**Task to complete:** Please filter the data down to the lines that include the word "with" and copy them.
== Task input ==
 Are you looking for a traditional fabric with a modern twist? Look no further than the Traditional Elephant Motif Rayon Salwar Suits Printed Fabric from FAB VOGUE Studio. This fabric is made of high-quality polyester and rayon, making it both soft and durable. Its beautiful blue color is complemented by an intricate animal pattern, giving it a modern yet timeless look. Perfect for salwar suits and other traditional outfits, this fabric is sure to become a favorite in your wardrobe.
===
== Task input ==
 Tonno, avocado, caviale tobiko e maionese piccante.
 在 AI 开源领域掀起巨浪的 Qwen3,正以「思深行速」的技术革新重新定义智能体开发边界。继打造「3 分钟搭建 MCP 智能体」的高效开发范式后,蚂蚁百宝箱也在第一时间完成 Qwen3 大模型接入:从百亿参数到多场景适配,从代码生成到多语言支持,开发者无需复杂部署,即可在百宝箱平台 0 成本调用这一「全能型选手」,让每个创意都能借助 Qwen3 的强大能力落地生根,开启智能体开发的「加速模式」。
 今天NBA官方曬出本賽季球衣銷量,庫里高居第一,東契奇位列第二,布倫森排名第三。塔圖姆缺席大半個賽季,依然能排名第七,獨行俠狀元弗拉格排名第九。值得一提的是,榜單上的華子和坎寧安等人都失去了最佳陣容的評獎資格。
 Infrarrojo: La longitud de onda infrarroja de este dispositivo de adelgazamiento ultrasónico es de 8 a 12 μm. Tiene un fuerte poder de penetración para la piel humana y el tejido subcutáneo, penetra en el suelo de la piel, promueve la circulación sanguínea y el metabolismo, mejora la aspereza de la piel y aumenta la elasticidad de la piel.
===
== Task input ==
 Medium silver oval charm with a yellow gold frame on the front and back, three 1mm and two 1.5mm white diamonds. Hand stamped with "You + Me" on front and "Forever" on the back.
===
**Response for this exercise:**
 Are you looking for a traditional fabric with a modern twist? Look no further than the Traditional Elephant Motif Rayon Salwar Suits Printed Fabric from FAB VOGUE Studio. This fabric is made of high-quality polyester and rayon, making it both soft and durable. Its beautiful blue color is complemented by an intricate animal pattern, giving it a modern yet timeless look. Perfect for salwar suits and other traditional outfits, this fabric is sure to become a favorite in your wardrobe.
 Medium silver oval charm with a yellow gold frame on the front and back, three 1mm and two 1.5mm white diamonds. Hand stamped with "You + Me" on front and "Forever" on the back.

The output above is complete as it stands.